Even if they do have insurance, if the patient is there mainly for a dispo issue and the length of stay ends up being excessively long to place them and the admitting diagnoses are low billing diagnosis (which is often the case for patients that don't really have a medical reason to be admitted), the physicians can make easy money with their E&M by writing almost the same note everyday, but the hospital (which is paid by DRGs) will probably still take a loss on admission. The issue is even worse when the hospital is near full and you don't have the staffing resources to care for the patients that are actually sick.

So I get the DRG vs EM coding thing but does this affect how Hospitalist are paid? Like on a group level how are most contracts with hospitals worded? Like percent of E/M or some other way?
 
So I get the DRG vs EM coding thing but does this affect how Hospitalist are paid? Like on a group level how are most contracts with hospitals worded?
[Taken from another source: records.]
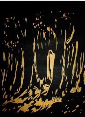
চিত্র ১: জয়নুল আবেদিন, বিচিত্রতা , কাঠখোদাই, ১৯৩৭

জয়নুল আবেদিন বাংলাদেশের আধুনিক শিল্পান্দোলনের পথিকৃৎদের অন্যতম। বলা যায় কুসংস্কারাচ্ছন্ন, গোঁড়া ধর্মীয় এবং সাংস্কৃতিক কর্মকাণ্ডশূন্য একটি সমাজে তাঁর হাত ধরেই আধুনিক শিল্পযাত্রার সূচনা। তিনি ১৯১৪ খ্রিস্টাব্দের ২৯ ডিসেম্বর তৎকালীন ময়মনসিংহ জেলার কিশোরগঞ্জ মহকুমার কেন্দুয়াতে (বর্তমান নেত্রকোনা) জন্মগ্রহণ করেন। ছোটবেলা থেকেই তাঁর শিল্পকলার প্রতি গভীর অনুরাগ ছিল। তিনি কলকাতা গভর্নমেন্ট স্কুল অব আর্টস-এ শিল্পশিক্ষা (১৯৩৮) গ্রহণ করেন।
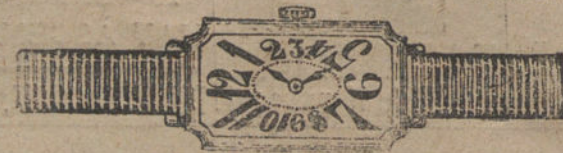
Núm. 5.—Rectangular, áncora de forma, oro de ley 18 quilates, con pulsera de moiré. Pesetas 200.
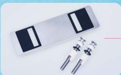
金属ベース プレートセット (別売)

金属板と金属ボルトで補強することで、車いすから便座に移乗する際など、強い力が加わっても便座が横ずれしにくい
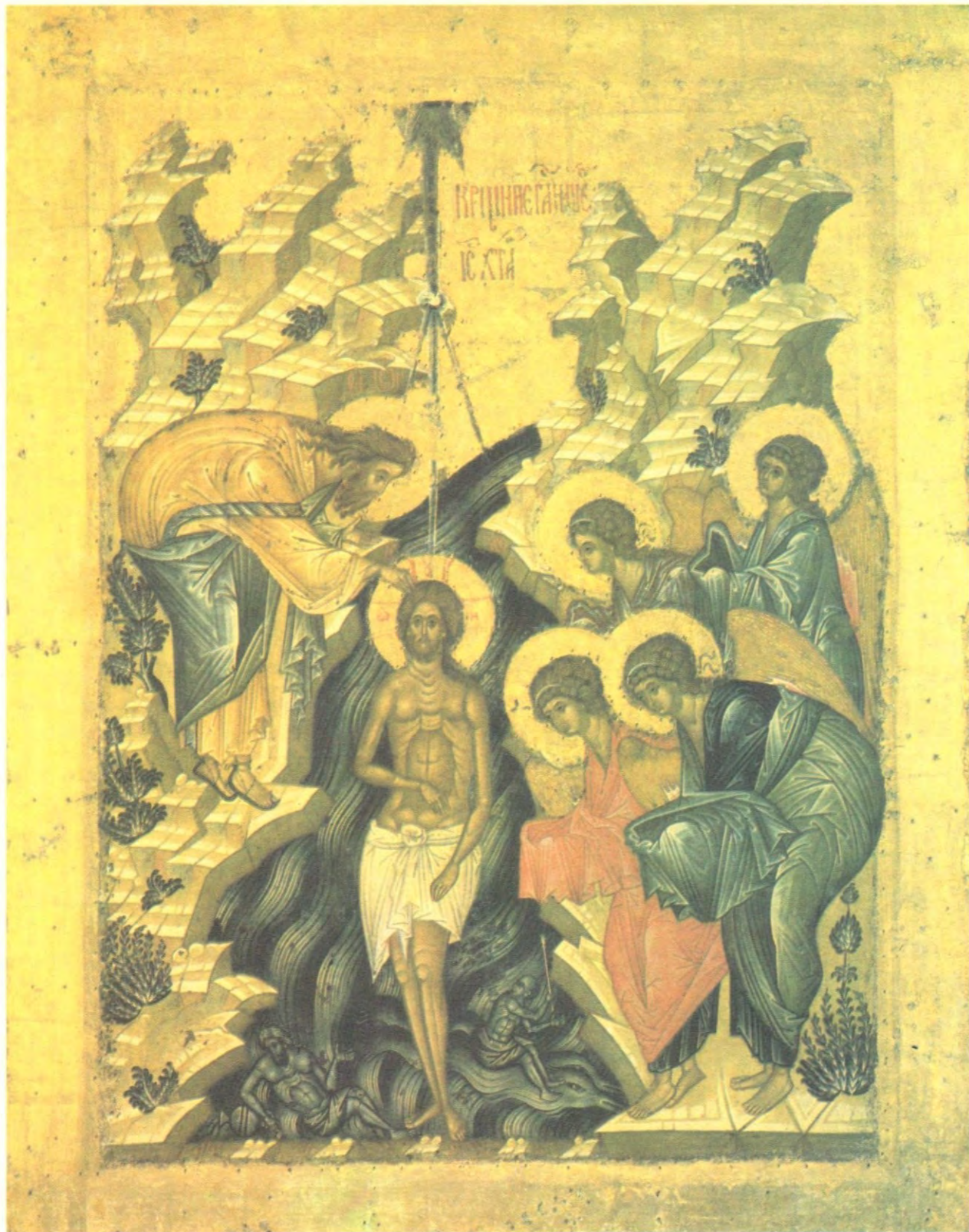
СВЯТОЕ БОГОЯВЛЕНИЕ. КРЕЩЕНИЕ ГОСПОДА БОГА И СПАСА НАШЕГО ИИСУСА ХРИСТА

Икона XV века из Кирилло-Белозерского монастыря
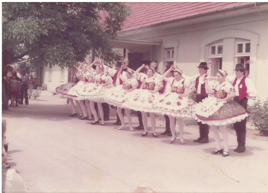
7.1.1. Kép – Kultúregyesület az 1980-as években a dályhegyi általános iskola előtt
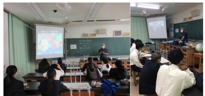
【地学分野：古川教授の特別授業】

物理分野(上図)は理学部准教授による講義で、おもちゃに利用されている物理の原理から最新の研究ニュートリノの話まで興味深い内容で、生徒が前のめりになって講義を受講する様子が見られました。
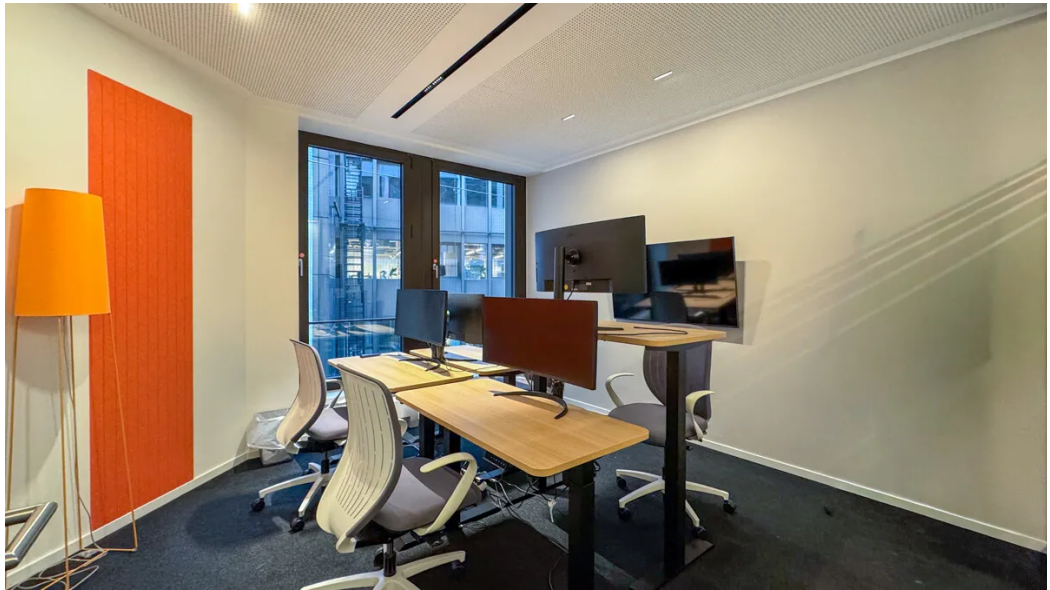
Weitere Ansichten - 3. OG
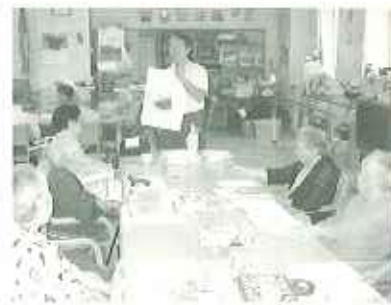
▲食事の前には水口の体操を行います

口癖ケアに入れており、毎食後、利用者の皆さんの歯みがきを欠かさず行っております。また、マッサージチェアが多く整備されており、空いた時間に利用していただき、利用者の皆さんにくつろぎのひとつを提供しております。
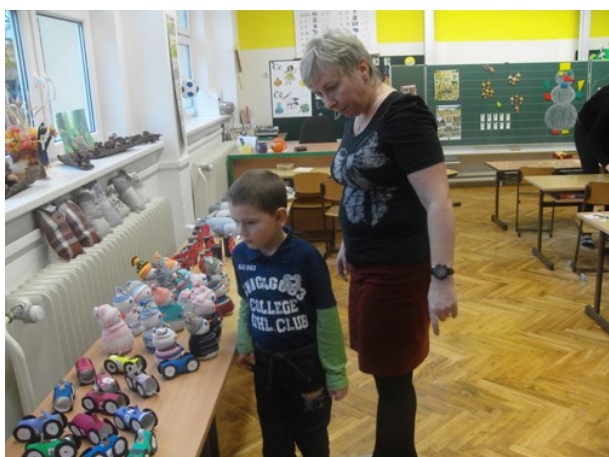
Zápis do prvních tříd
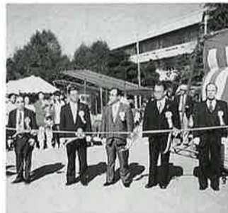
来賓役員揃ってテープカット
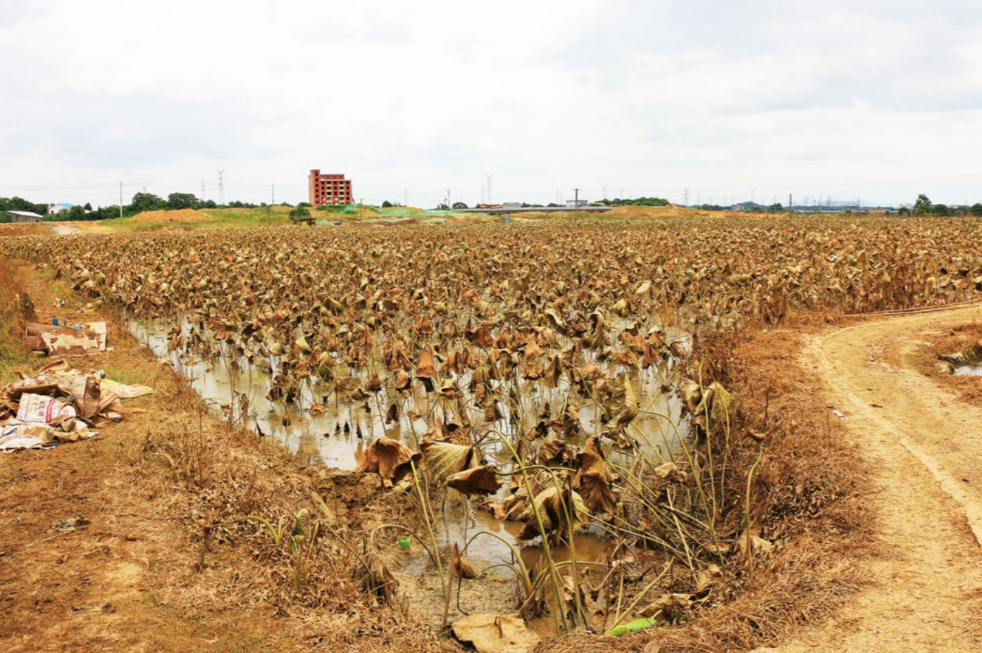
本来这两个月就是摘莲蓬的时候，大水一来损失惨重。

田地一冲而空，学校也停了课，接二连三的变动让小年纪的她一时无法接受。当慈济志工们带着预先准备好的救济物资送给小朋友时，孩子们都显得很快乐，围在志工们身边，陈思却一个人默默坐在一边。
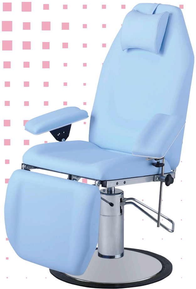
Photo non contractuelle - modèle sans jambièr
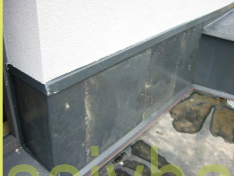
37_Auch die Anschlussbleche werden montiert
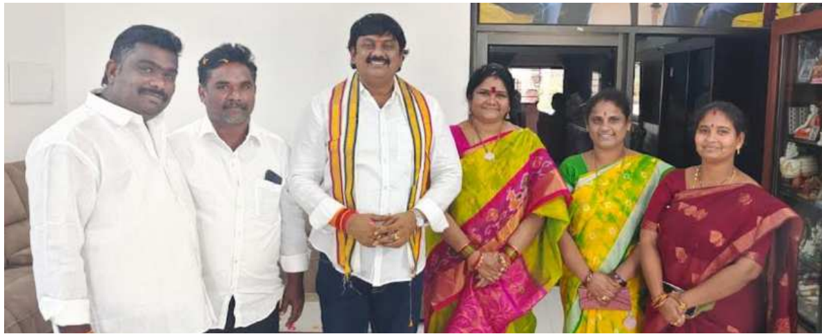
శుభాకాంక్షలు తెలియజేస్తున్న గొలుగొండ వైస్ ఎంపీ దంపతులు
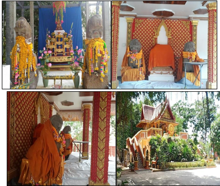
ภาพที่ 7 : เจ้าพ่อสิงห์คู่ที่พิพิธภัณฑ์วัดโคกตาลที่สร้างเสร็จสมบูรณ์

ศก ศรีสิงห์ (2561: สัมภาษณ์) ได้ให้ข้อมูลว่า “หลังจากที่มีชาวบ้านเกิดความศรัทธาต่อรูปปั้นสิงห์คู่ วัดโคกตาลมากขึ้น เพราะได้มีการขอพรและบนบานต่อรูปปั้นสิงห์คู่ในเรื่องที่ปรารถนาและประสบความสำเร็จ เช่น พ่อแม่ไปขอบนบานให้ลูกให้สอบเข้ารับราชการได้ สถานะของรูปปั้นสิงห์คู่ที่เป็นเพียงวัตถุโบราณก็เปลี่ยนแปลงไป เพราะชาวบ้านทั้งในและนอกพื้นที่ก็พากันเรียกรูปปั้นสิงห์คู่ว่า “เจ้าพ่อสิงห์คู่” หรือบางคนก็เรียกว่า “พระยาสิงห์คู่” เลยทำให้รูปปั้นสิงห์คู่เป็นที่รู้จักในด้านของอำนาจศักดิ์สิทธิ์มากขึ้นเรื่อยมาจนถึงปัจจุบัน”
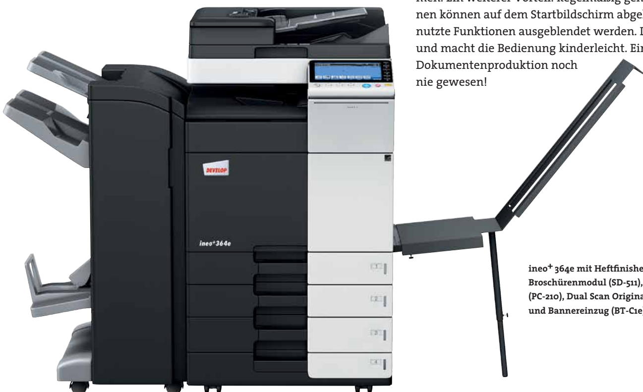
ineo+ 364e mit Heftfinisher (FS-534), Broschürenmodul (SD-511), Papierkassette (PC-210), Dual Scan Originaleinzug (DF-701) und Bannereinzug (BT-C1e)

Viele Multifunktionssysteme sind alles andere als anwenderfreundlich. Doch damit ist nun Schluss – die ineo+ 364e ist für Ihre Anforderungen wie geschaffen. Das Bedienungskonzept ist intuitiv erfassbar und genauso leicht verständlich wie das eines Smartphones oder Tablet-PCs. Der kapazitive 9 Zoll-Touchscreen verfügt über vertraute Funktionen wie flick, drag&drop und pinch in&out, sodass die Bedienbarkeit ganz einfach ist. Und dank der neuen Menüstruktur lassen sich alle Funktionen auf einen Blick erfassen und die gewünschten Einstellungen mit nur wenigen Berührungen vornehmen. Ein weiterer Vorteil: Regelmäßig genutzte Funktionen können auf dem Startbildschirm abgelegt, ungenutzte Funktionen ausgeblendet werden. Das spart Zeit und macht die Bedienung kinderleicht. Einfacher ist Dokumentenproduktion noch nie gewesen!

Like percent of E/M or some other way?
DRG refers to the lump sum the hospital gets paid for an admission and is largely fixed at time of admission based on admitting diagnoses, and the amount doesn't usually change if the patient stays for 1 day or 50 days. It's to cover the hospital's operating expenses for admitting the patient (eg nursing, facilities, supplies, medications, etc...) Anything left over will be profit for the hospital.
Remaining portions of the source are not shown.